Many have wondered how Wells Fargo employees were able to open millions of fake accounts without getting caught.
Modern banks are supposed to have inspections and risk exams to catch this kind of fraud.
Now it has emerged that Wells Fargo’s internal inspections of local bank branches come with a friendly 24-hour heads up to managers and employees.
That tip-off, first reported by The Wall Street Journal, likely gave employees time to hide evidence that would have alerted internal investigators to the opening of fake accounts.
For instance, more than a dozen Wells Fargo employees told the Journal they witnessed documents being forged and papers getting shredded to cover up this activity.
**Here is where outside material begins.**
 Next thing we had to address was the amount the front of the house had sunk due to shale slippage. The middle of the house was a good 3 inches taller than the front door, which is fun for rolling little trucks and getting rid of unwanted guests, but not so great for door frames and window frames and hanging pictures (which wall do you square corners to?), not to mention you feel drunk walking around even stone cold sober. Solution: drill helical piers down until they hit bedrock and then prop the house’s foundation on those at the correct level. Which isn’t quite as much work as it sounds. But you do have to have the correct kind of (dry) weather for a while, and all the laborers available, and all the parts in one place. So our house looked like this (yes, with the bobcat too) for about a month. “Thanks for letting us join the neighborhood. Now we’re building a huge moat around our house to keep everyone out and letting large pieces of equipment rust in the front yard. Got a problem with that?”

Regulators have said that as many as 2 million bank and credit card accounts were opened by Wells Fargo without authorization, at times by using phony email addresses and PIN numbers.
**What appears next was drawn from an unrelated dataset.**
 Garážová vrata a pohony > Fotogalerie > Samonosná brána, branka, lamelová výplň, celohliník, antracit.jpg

Wells Fargo confirmed to CNNMoney on Wednesday the existence of a 24-hour advance notice, explaining it’s given “so the branch can ensure it is staffed to assist with the review and maintain customer experience.”
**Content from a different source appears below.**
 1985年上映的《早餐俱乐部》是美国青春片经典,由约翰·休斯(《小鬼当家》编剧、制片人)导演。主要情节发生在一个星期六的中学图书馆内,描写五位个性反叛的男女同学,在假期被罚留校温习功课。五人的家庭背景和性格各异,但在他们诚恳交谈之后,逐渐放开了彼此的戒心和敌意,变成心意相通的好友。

Wells Fargo has now decided to eliminate the 24-hour warning about inspections.
But even that shift is coming with a time lag. Wells Fargo said it won’t be fully implemented until the end of March.
A spokeswoman declined to say whether the move was triggered by media attention.
Wells Fargo noted that much of its documentation has become electronic, including electronically-captured signatures. The bank said that for years it has reviewed digital copies of new account forms and signature cards in advance of branch visits and without prior notice.
For the in-branch reviews, Wells Fargo said only internal branch logs that are not currently captured electronically are looked at. That includes logs for cash shipment and notary activity.
The fake account scandal has thrust Wells Fargo into turmoil since it broke in September. The $185 million in fines were nothing in comparison with two Congressional hearings, where the bank’s CEO was raked through the coals.
It also led to multiple investigations from state and federal agencies, which are still ongoing. Longtime CEO John Stumpf abruptly retired after his Congressional hearings and the bank’s once-vaunted reputation has been tarnished.
Wells Fargo has responded by ending the wildly unrealistic sales goals that employees said led to the illegal activity.
The bank’s new compensation structure, rolled out earlier this month, puts more emphasis on customer service and features stronger oversight “to monitor behavior,” including at the local level.
For instance, Wells Fargo has launched a mystery shopper program at branches that by definition doesn’t give employees any advance notice.
“People in the branch don’t even know that any review is going on,” the Wells Fargo spokeswoman said.
Wells Fargo aims to conduct about 4,000 mystery shops per quarter this year.
During the scandal, Wells Fargo also started conducting conduct risk exams at branches. Wells Fargo said these reviews are unannounced and the branches are selected for exams based on risk indicators.